Around half of people with optic neuritis are ultimately diagnosed with MS, often many years later.

Evidence suggests that starting treatments early can slow down progression of MS. But it’s hard to predict which people with optic neuritis will develop MS. If doctors knew this as soon as possible, they could treat people more quickly with the right drugs.

What did the researchers do?

Researchers at the University of Exeter and King’s College London used data from the UK Biobank from around 700 people who had experienced optic neuritis. This included 545 people who didn’t have a diagnosis of MS when they first developed optic neuritis.

Researchers combined genetic information from each of these people with information about their age and sex. By combining these they could make a score to predict whether someone would go on to be diagnosed with MS.

When they compared it with data showing who did go on to develop MS, researchers found that their predictive score was able to effectively separate those at low risk of developing MS from those at a higher risk.  

What does this mean for people with MS?

Optic neuritis can be one of the first symptoms of MS, which people can experience years before a diagnosis. For people with MS-related optic neuritis, the inflammation usually goes away on its own and vision recovers. 

But not everyone with optic neuritis goes on to develop MS. For many people with non-MS-related optic neuritis, there can be permanent damage to the vision if they aren’t treated quickly with high doses of steroids. But these can come with harmful side effects. 
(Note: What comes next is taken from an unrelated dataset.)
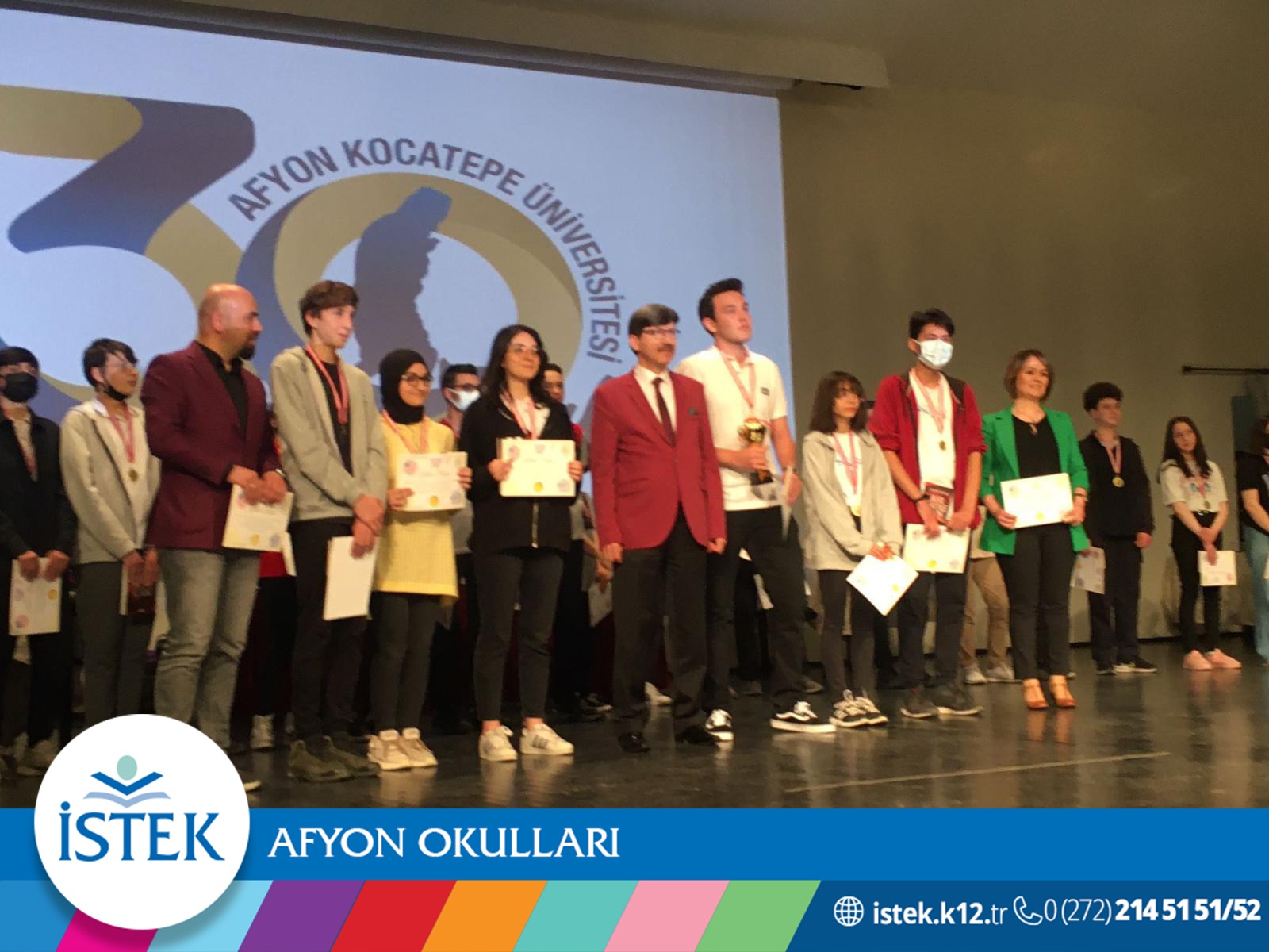 Afyon İl genelinde gerçekleşen matematik yarışmasında İstek Afyon Fen lisesi 1., Süleyman Demirel Fen Lisesi 2., Kamil Miras 3., olmuştur.Dereceye giren öğrenciler ödüllerini İl Milli Eğitim Müdürü Sayın Metin YALÇIN'dan aldılar. İl 1.olan ve bu gururu bize yaşatan öğrencilerimizi emeği geçen öğretmenlerimizi tebrik ediyor, başarılarının devamını diliyoruz.
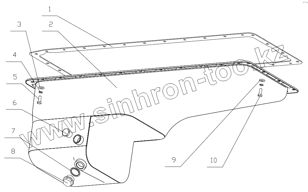 Каталог запасных частей к технике: Yuchai YC6B125-T10 (B7626). 340-1009000/05 Oil Sump Assembly

Being able to predict early on who is at a high risk of developing MS could help doctors to decide the best treatment option for people with optic neuritis. And with more research could help diagnose and treat MS earlier than current methods allow. 

Dr Tasanee Braithwaite, consultant ophthalmologist to the Medical Eye Unit at Guy’s and St Thomas NHS Foundation Trust, and Adjunct Senior Lecturer at King’s College London said: “As a doctor caring for many patients with optic neuritis, I’m excited by the possibility of translating this pilot research into front line clinical care in the near future. 
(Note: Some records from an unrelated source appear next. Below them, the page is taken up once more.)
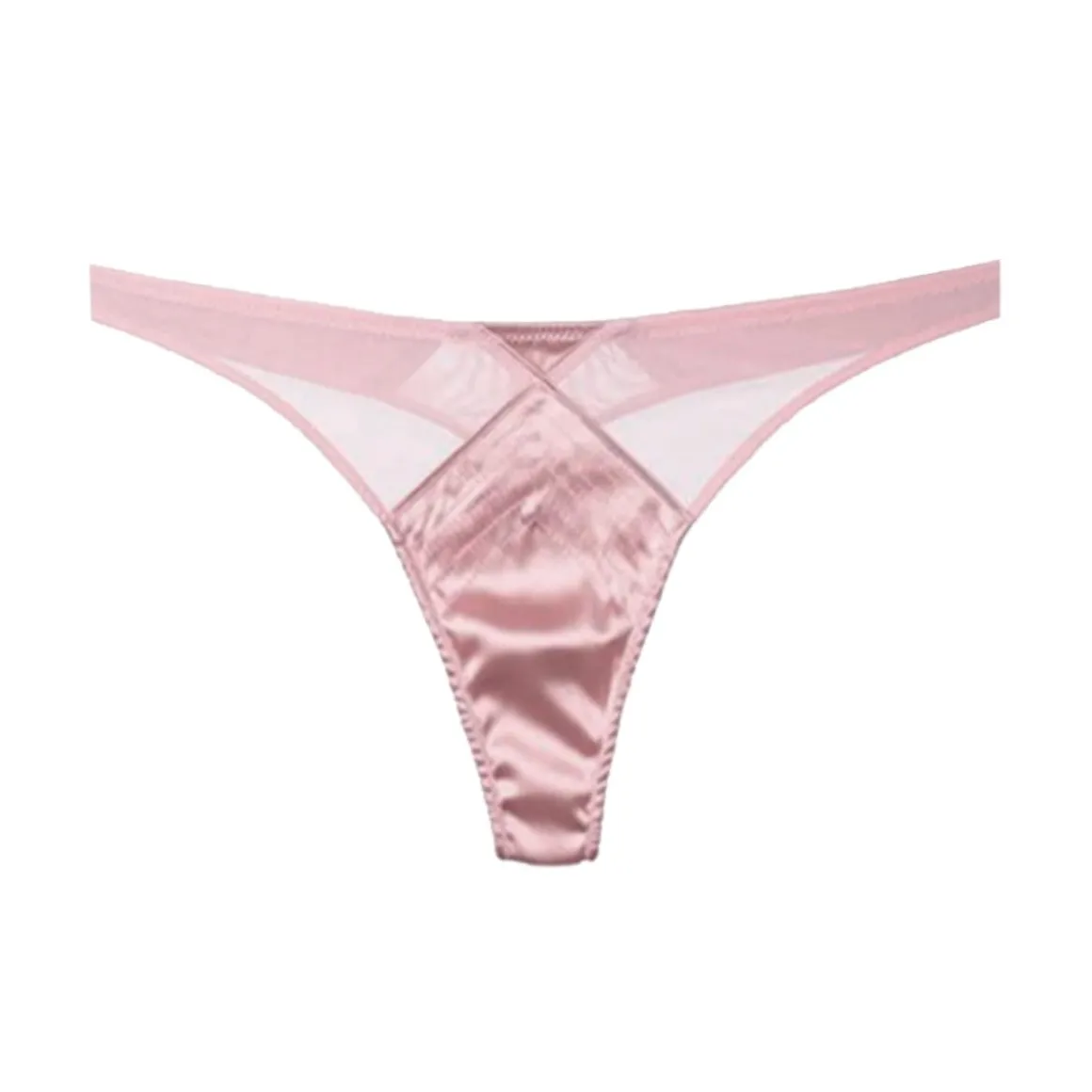 Silk satin stretch low-rise thong with mesh panel and back. Retro-style top stitching detail.
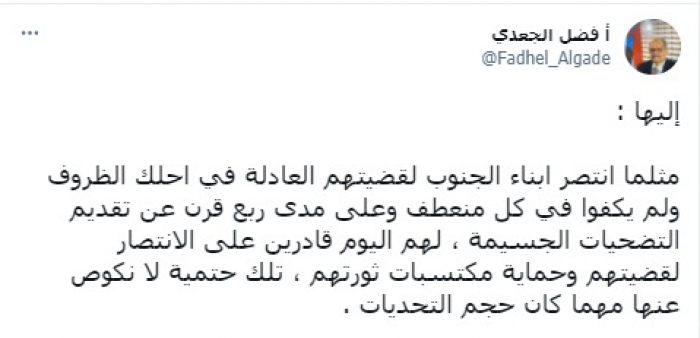 وقال في تغريدة على حسابه بموقع التدوين المصغر تويتر، اليوم إنه: "مثلما انتصر أبناء الجنوب لقضيتهم العادلة في أحلك الظروف ولم يكفوا في كل منعطف وعلى مدى ربع قرن عن تقديم التضحيات الجسيمة، لهم اليوم قادرون على الانتصار لقضيتهم وحماية مكتسبات ثورتهم".
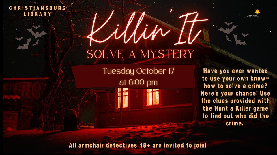 The Christiansburg Library presents Killin' It: Solve a Mystery on Tuesday, October 17, 2023.
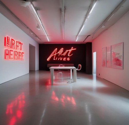 Пример промпта: A sleek interior of a modern art gallery featuring a striking neon sign that says 'Art Lives Here' in bold white and red colors. The neon sign contrasts against a polished concrete wall, surrounded by minimalist furniture and abstract sculptures. The room is softly illuminated by the neon glow, creating an artistic and sophisticated atmosphere.

Whilst more research is needed, our study provides a strong signal that we could better identify patients at high risk of MS, perhaps enabling these people to have earlier MS treatment in the future. Whereas, if we could better identify people whose optic neuritis is very unlikely to result from MS, we could treat these people urgently to reduce irreversible vision loss and blindness."

Dr Clare Walton, our Head of Research, said: “130,000 people live with MS in the UK and one in five will have experienced optic neuritis at the start of their MS journey. This research shows how using genetic scores could be a useful way to predict who will likely continue to an MS diagnosis. 
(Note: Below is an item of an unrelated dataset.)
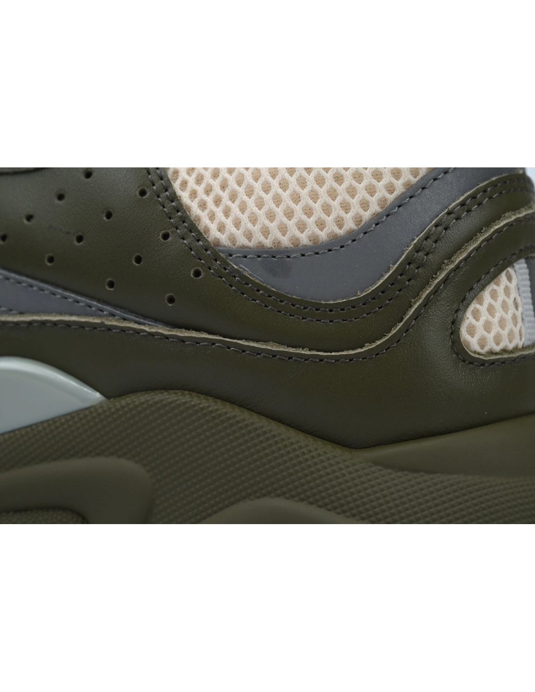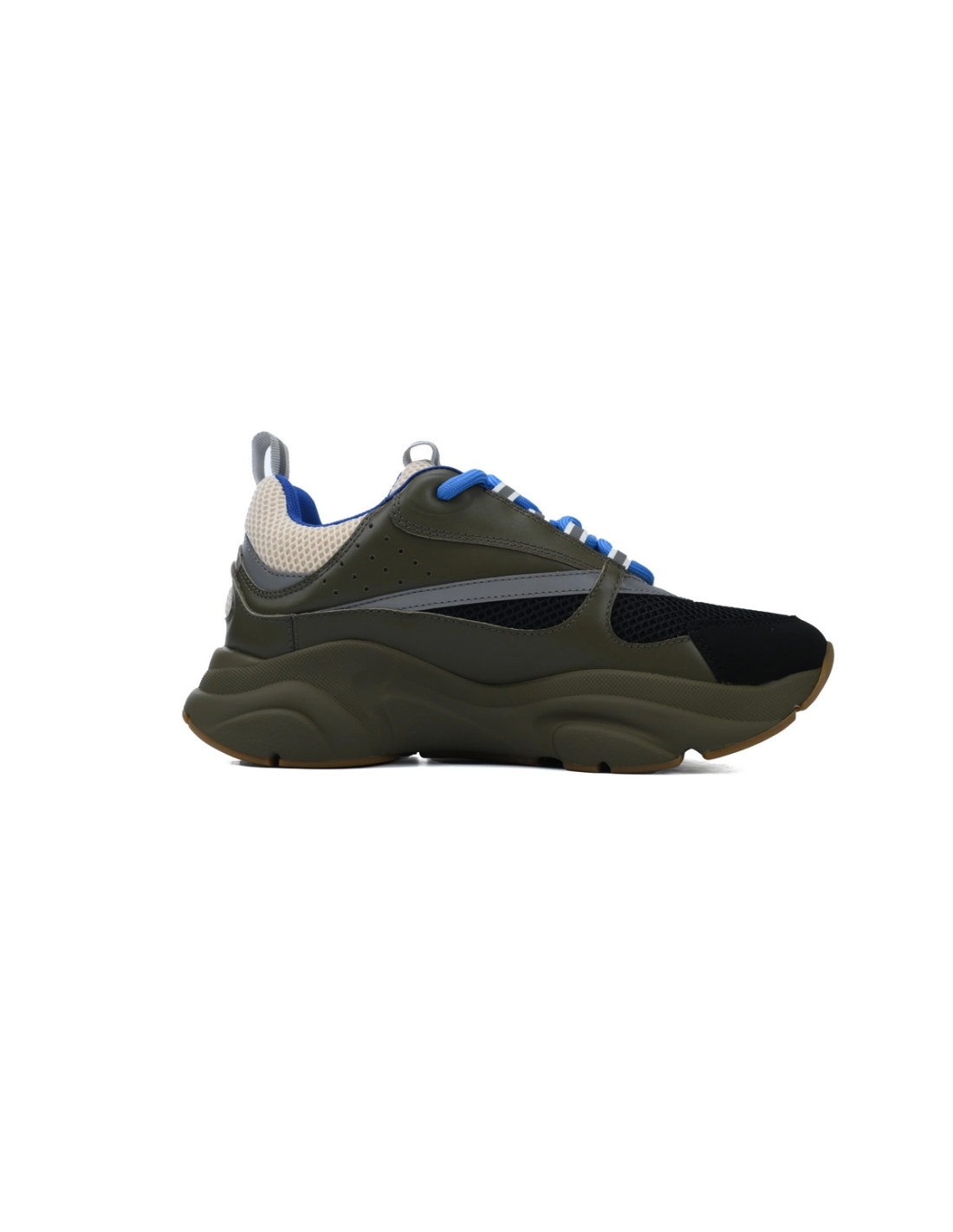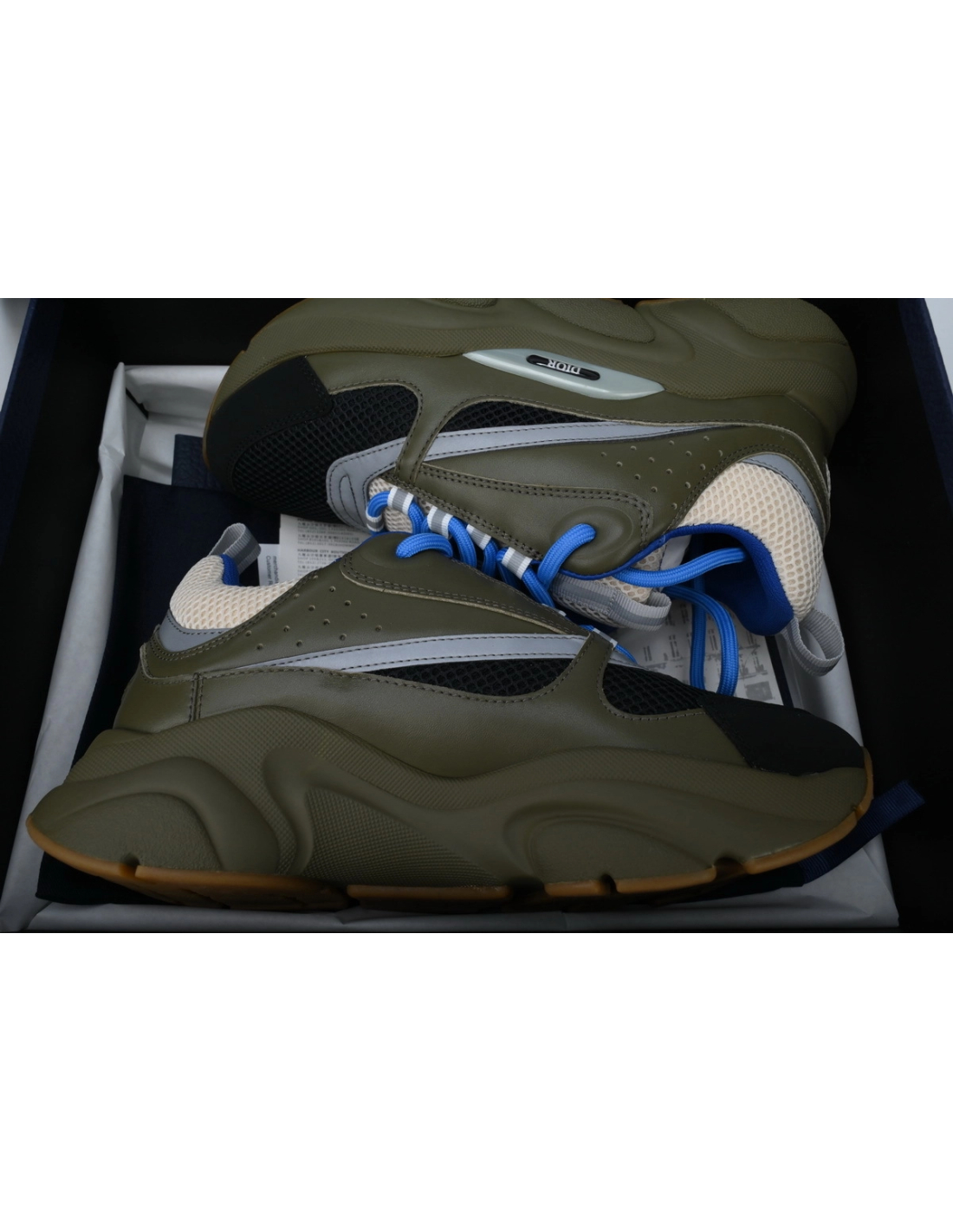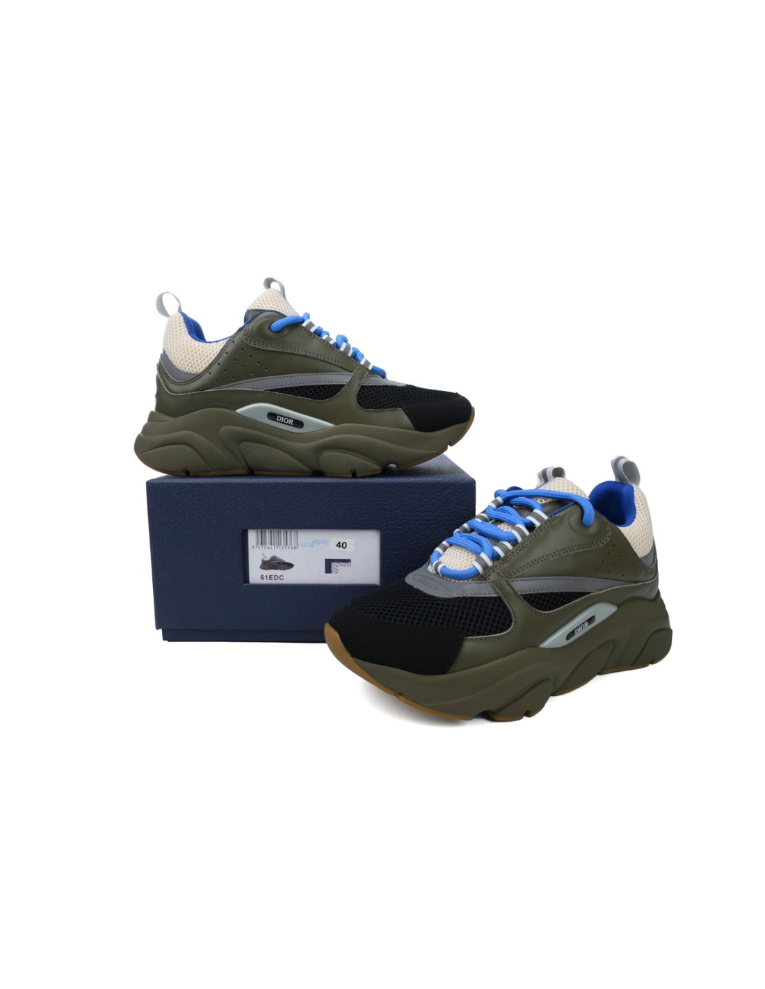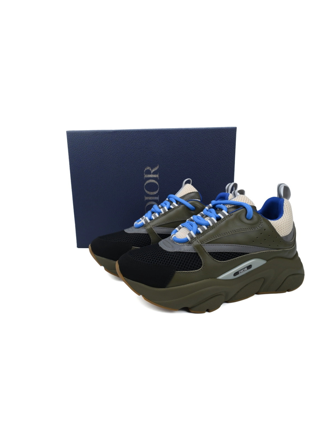 - Style DetailsColors: Cream / Black / Olive / BlueMaterial: Calfskin and technical meshDesign: Multi-layered construction with tonal and contrasting panelsSole: Thick, sculpted rubber sole for superior cushioning and tractionBranding: Embroidered "DIOR" logo on the side and tongueSizing: True to size; breathable and supportive

This research has come at an exciting time as there is increasing global interest in finding ways to prevent MS. Using immunotherapies in people at high risk of MS could significantly delay the onset of the condition, but these drugs come with side effects. 

This exciting study opens up the possibility of finding people in which the benefits will outweigh the risks. We look forward to seeing this prediction model improved through further research.”